If this is your 1st time logging into Snowflake, you can get a detailed UI walkthrough here.
- Navigate to Admin → Partner Connect, then click on the "Fivetran" tile. If you dont see the Admin button on the left panel, make sure you are assuming the ACCOUNTADMIN role on top left:
- You should see a window pop up that says Connect to Fivetran. Click the blue Connect at the bottom right:
- Once the partner account has been created, Click the blue Activate button:
- Congrats! Just like that, you have launched a trial Fivetran account through Snowflake, pre-configured to talk to your Snowflake account as a target.
Fivetran supports syncing data from file systems, applications, event systems, and databases. For SAP Sources, we support connecting to many different SAP sources. Our newest source is our SAP HANA ERP Source. This fully managed SaaS connector is the simplest, fastest way to get started extracting SAP data.
As we do not have access to an SAP HANA instance, for this lab we have replicated the SAP tables and some mock data to a PostgreSQL instance. We will use Fivetran's PostgreSQL connector for this lab and load it to your Snowflake account.
- Go to Fivetran and click on "Connectors" in the left gray navigation pane and then click the blue "Add Connector" button in the upper right corner:
- As this trial with Fivetran was created via the Snowflake Partner Connect, your destination will default SnowflakePC:
- Let's check how many connectors Fivetran has available "out of the box". Click on "All Sources" underneath your Selected Destination:
- To get an idea of the range of connectors that Fivetran has for various sources, type oracle into the search box and you will be presented with a range of Oracle source connectors:
- Do the same thing for SAP as a source. Type sap into the search box and take a quick look at the SAP connectors that are available:
- Getting back to today's lab, type postgres into the search box and hover over the Postgres connector that is named "Google Cloud PostgreSQL", and click the "Setup" blue button at the right side of the selection:
- As with all Fivetran connectors you are presented with a detailed setup guide in the right gray navigation pane. You can name the Destination Schema (it does not have to be created ahead of time in the destination), and for this lab, let's use lastname_firstname_sap_ntt like this: kelly_tony_sap_ntt:
- To quickly connect the Google Cloud PostgreSQL source database system to Snowflake, here's the rest of the information that you'll need to provide - be sure and use the credentials for the column corresponding to the first letter of your last name so that everyone is not accessing the same source Google Cloud PostgreSQL database - go ahead and copy and paste these fields individually into the connector setup form in Fivetran:
NOTE: The eight PostgreSQL instances above will be available until the end of the day the lab is run. Seven of the eight instances will be shut down after the lab. If you wish to access the lab at any time during the remainder of the 14 day Fivetran trial, please use the first instance only (22.214.171.124).

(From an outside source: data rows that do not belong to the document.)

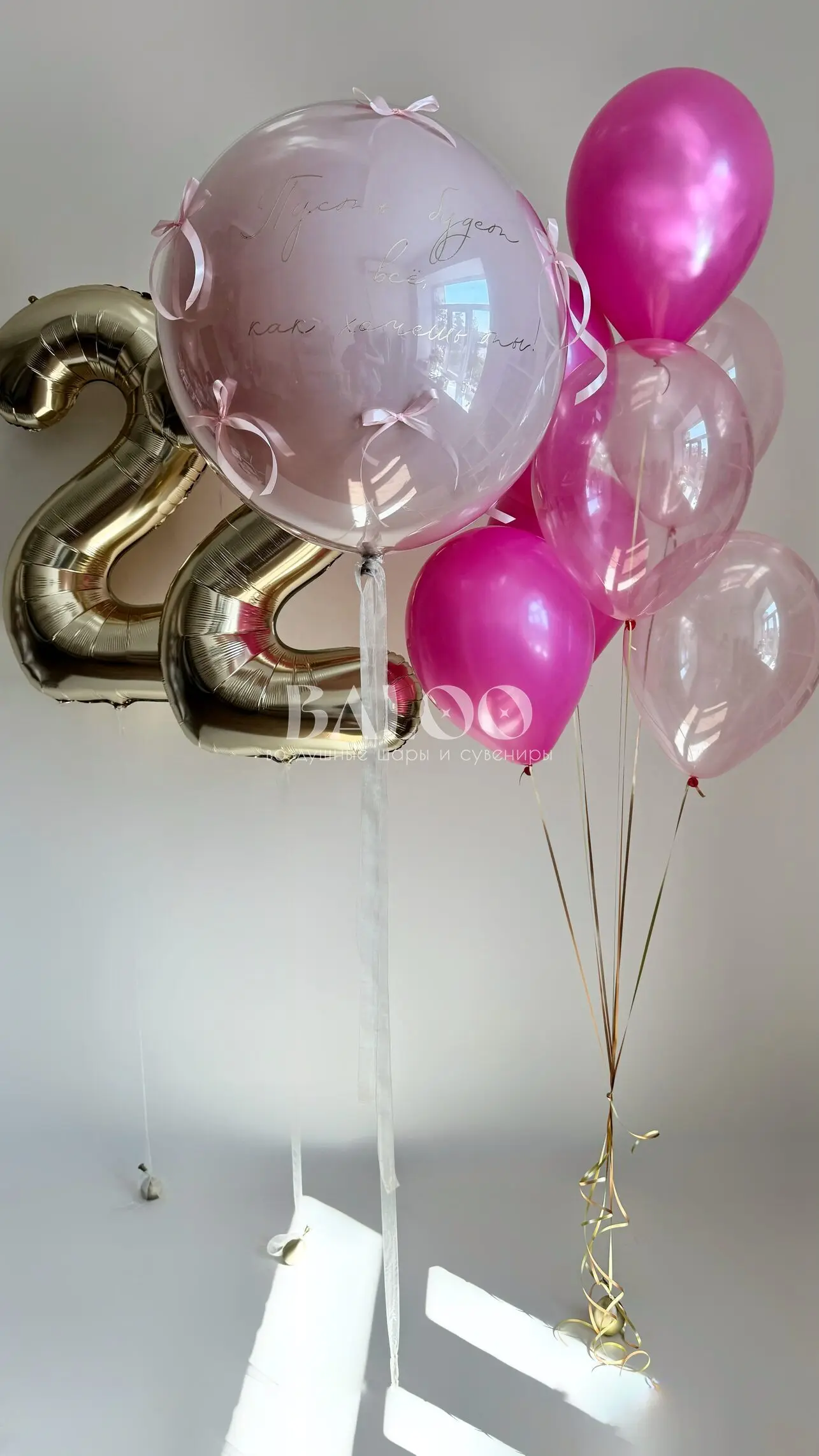 Набор воздушных шаров для девушки с большим шаром с бантиками и двумя цифрами №10016 — отзывы
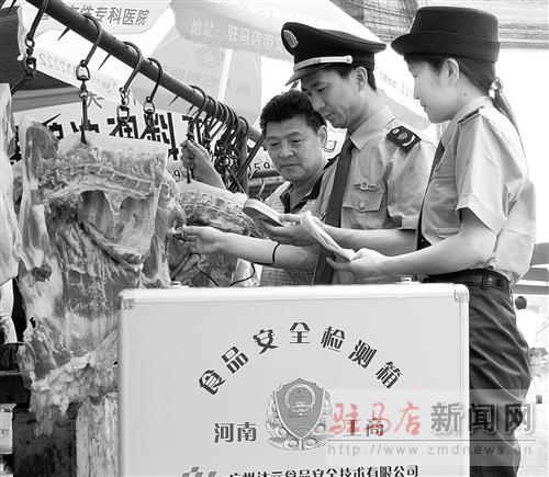 為確保夏季肉食品市場消費安全,讓消費者吃上放心肉,近日,西平縣工商局執(zhí)法人員加大了肉食品市場的監(jiān)管力度。 記者 張 勇 通訊員 王向前 攝影報道
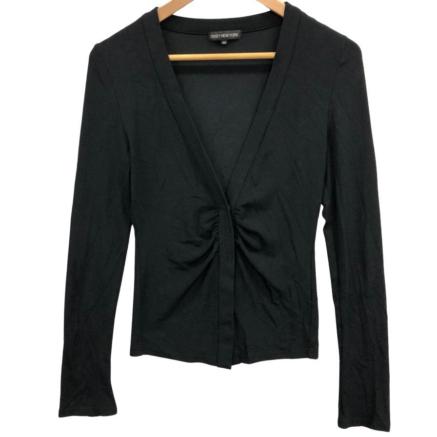 美品◆フォクシー ニューヨーク カーディガン プランジングネック 長袖 ストレッチ 40サイズ ブラック 22343-SRJAI58 FOXEY NEW YORK 【AFB8】

This instance will not be available after the 14 day Fivetran trial expires.
- Destination schema prefix: lastname_firstname_sap_ntt
- Host IP Address: Select from the box below:
Host IP Addresses to use
Use the credentials for the column corresponding to the first letter of your last name
Last Name begins with
Host IP Address
- Port: 5432
- User: fivetran
- Password: 2PcnxqFrHh64WKbfsYDU
- Database: sap_accounts_payable
- Connection Method: Connect directly
- Update Method: Detect Changes via XMIN
- Click the "Save & Test" blue button after you have completed the form:
- Fivetran will begin running connection tests to the Google Cloud PostgreSQL source database:
- You'll be presented with a request to "Confirm TLS Certificate" - here's why:Fivetran uses Transport Layer Security (TLS) to secure data in motion. It allows for both encryption and authentication of the connections that Fivetran makes to the PostgreSQL data source.Some additional detail:Security: Fivetran follows industry standard practices to encrypt data in transit (TLS) and at rest (AES256) and provides robust security, privacy, and governance from source to destination, and is in compliance with GDPR HIPAA, ISO, PCI, and SOC 2.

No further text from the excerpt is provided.